There was the command not to gather more manna than was needed for that day’s meal: The consequence for disobeying would be bread that grew worms and became inedible. There was an obvious, immediate, consequence that the people could understand. It gave them an additional reason to obey.
There was the command not to ally themselves with pagan nations around them: The consequence for disobeying would be those godless nations turning on them and invading them, bringing misery and death to the people. There was an obvious, immediate, consequence that the people could understand. It gave them an additional reason to obey.
On the other hand, consider a command that had no immediate consequence: The Israelites were forbidden from eating pork. But what if a Jew bought a spiral ham from a pagan merchant and enjoyed a little feast on random December? Would he get worms in his belly? No. Would some foreign army march through the streets chopping off heads? No. Would he sprout a spiral tail from his backside like Dudley Dursley? No again. So what would happen in the immediate sense? How would breaking that command physically affect that person? It wouldn’t.
The natural question a person may ask is: So why give the command?
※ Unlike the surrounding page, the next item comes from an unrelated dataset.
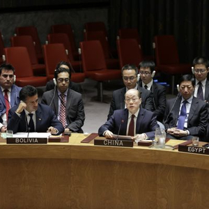 资料图片:9月11日,在位于纽约的联合国总部,中国常驻联合国代表刘结一(前排中)在安理会通过对朝鲜制裁决议后发言。联合国安理会11日一致通过第2375号决议,决定对朝鲜实施新的制裁,决议同时重申维护朝鲜半岛和东北亚和平与稳定,呼吁以外交和政治方式和平解决问题。新华社记者李木子摄
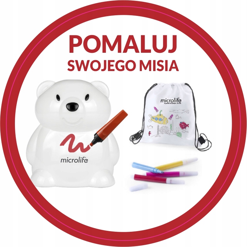 Пневмопоршневой ингалятор Microlife NEB 400 создан специально для детей, чтобы сделать процедуру ингаляции более приятной и комфортной. Профессиональный небулайзер NEB 400, спрятанный в удобном для детей корпусе в форме плюшевого мишки, обеспечивает быстрое, бесшумное и безопасное распыление. Эффективно распыляет все стандартные растворы для ингаляций. Предназначен для лечения заболеваний верхних дыхательных путей, таких как: ринит, глотки и гортани, синусит и голосовое истощение. Кроме того, он идеально подходит при заболеваниях легких, бронхов и астмы. Кроме того, в рамках акции в набор добавлен набор смываемых фломастеров, с помощью которых ребенок сможет раскрасить свой ингалятор и рюкзак плюшевого мишки.

That question, however, is asked out of a selfish heart. It’s asked by a person who only cares about how they are affected by disobedience. The proper heart—one that is in love with God—wouldn’t worry about self; it would care only about pleasing God. In other words, sometimes God gives a command for no other reason than for His good pleasure. There may be secondary or tertiary reasons in the mind of God, but we’re not privy to them. All we know is we are commanded to do certain things “because He said so.”
And parents do that too.
Why do you sometimes randomly ask your kids to fetch something for you? Am I the only one who makes his child run from one end of the house to another for a glass of water? Was I the only child who had one of those big honking cabinet TVs that didn’t have a remote so I was the remote being summoned from my room right when I was in the middle of the Tubular Level in Super Mario World just because the channel 7 news was on commercial and my dad wanted to see what was on the channel 4 news even though it’s the same news dad just different people reciting the same four things that ever happened in Arkansas that day!
Sorry, where was I?
Am I the only one who gives their child a command that has no benefit to them but is solely for my own good pleasure? I doubt I am. And when my children ask me why they should, the answer is “because I asked you to.” When a teenager wants to say being punished for disobeying is “unfair” because the command was “meaningless,” the answer should be “it is not meaningless; it is what I want.”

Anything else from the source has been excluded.